Abstract
This paper investigates the well test behaviour of rich gas condensate reservoirs below the dew point pressure and the impact of re-vaporisation of the condensate bank due to re-pressurisation by gas injection. Results from compositional simulation, verified with field data, suggest that the near-wellbore fluid saturation below the dew point pressure in a build up is different from that at the end of the preceding drawdown, because of significant differences in fluid properties and saturation distributions. A condensate bank is created during drawdowns, which disappears during subsequent build ups. As a result, the corresponding pressure derivatives are different, with the drawdown derivative being the mirror image of the derivative in the subsequent build up. This is different to what happens in lean gas condensate reservoirs and similar to the well test behaviour of volatile oil reservoirs. Drawdowns and build ups in rich gas condensate reservoirs below the dew point pressure exhibit a composite behaviour, which can be analysed to provide the gas mobility in the bank two-phase region.

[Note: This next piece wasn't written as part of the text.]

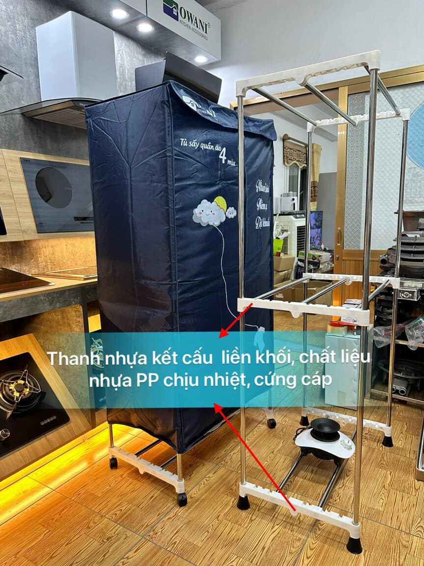 Tủ Sấy Quần Áo Bennix BN-115BIG -1800W Vài năm gần đây tủ sấy quần áo Thái Lan thương hiệu Bennix được nhiều gia đình lựa chọn. Sản phẩm có khung chắc chắn, vải bạt tốt, động cơ sấy an toàn, vải bạt bên ngoài không bị vỡ giòn hay rách mủn sau một thời gian sử dụng như loại rẻ tiền đang bán trên thị trường. Mặc dù giá cao hơn một chút so với máy sấy quần áo giá rẻ nhưng lợi ích mang lại lâu dài và yên tâm sử dụng. Khung Inox to Điểm khác biệt lớn nhất của tủ sấy quần áo Thái Lan Bennix BN-115BIG mẫu mới là khung inox cao hơn. Chiều cao sau lắp đặt khoảng 172cm, trong khi các loại đang bán trên thị trường khoảng 150cm. Chiều rộng của tủ 90cm (loại cũ chỉ 70cm). Nhờ đó bạn treo được nhiều đồ hơn. Với các mẫu máy sấy quần áo hiện nay thường sấy khoảng 15kg nhưng Bennix BN-115BIG có thể sấy tối đa 25kg. Các thanh inox cũng to hơn, khi lắp đặt bạn sẽ có cảm giác chắc chắn hơn rất nhiều so với các loại. Khả năng chịu lực tốt. Chất liệu inox không gỉ. Ngoài các thanh chính còn có thêm các thanh phụ nhỏ giúp tăng khả năng tận dụng tối đa bên trong buồng sấy. Khả năng cơ động cao với bánh xe di chuyển. Thiết kế thông minh dễ dàng tháo lắp khi có nhu cầu hoặc không muốn sử dụng khi hết mua. Khung tủ chắc chắn bạn cũng có thể sử dụng thay cho tủ vải đựng quần áo. Vải cao cấp Vải bạt phủ bên ngoài thủ sấy cũng có sự khác biệt đáng kể. Thay vì sử dụng chất liệu pha nhiều, tủ sấy quần áo Bennix BN-115BIG sử dụng loại vải cao cấp. Nhờ đó độ bền tăng lên rấ nhiều. Sản phẩm không bị mục, rách, thoái hóa sau một thời gian sử dụng. Công suất lớn Động cơ của tủ sấy quần áo Bennix BN-115BIG cũng có sự khác biệt rất lớn. Công suất lớn, chất liệu nhự cao cấp và bộ phát nhiệt ổn định giúp duy trì nhiệt độ bên trong buồng sấy tối ưu. Máy sẽ tự động ngắt sau khi hết thời gian để đảm bảo an toàn. Sấy khô nhanh, bảo vệ quần áo Công suất của động cơ tối đa 1800w, nhờ đó máy có thể sấy lượng lớn quần áo nhanh chóng. Thời gian sấy có thể lựa chọn tối đa 3 giờ. Tùy theo lượng quần áo, chấ liệu vải dầy hay mọng bạn có thể chọn lựa thời gian phù hợp. Hệ thống sấy khô kết hợp diệt sạch vi khuẩn và chống nhăn giúp bảo vệ quần áo. Hướng dẫn sử dụng tủ sấy Bennix BN-115BIG Trước tiên bạn cần lắp ráp tủ sấy trước khi sử dụng. Tham khảo qua sách hướng dẫn lắp đặt
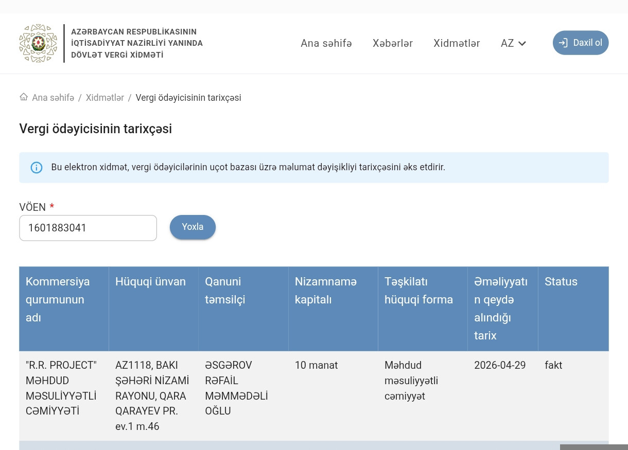 Bildirək ki, nizamnamə kapitalı 10 manat olan MMC-nin qanuni təmsilçisi Əsgərov Rəfail Məmmədəli oğludur.

A practical method is proposed to evaluate the bank storativity, which is then used to calculate the bank radius. The study also shows that the loss of productivity due to liquid drop out can be reversed by a properly designed gas injection scheme and that the corresponding changes in saturation distributions can be monitored by well test analysis.
These theoretical investigations are used to explain a series of production tests conducted in a rich gas condensate reservoir in North Africa. A well test analysis methodology is proposed for such systems, which combines conventional well test interpretation methods, deconvolution and verification with both a single phase voranoid grid simulator and a numerical compositional simulator.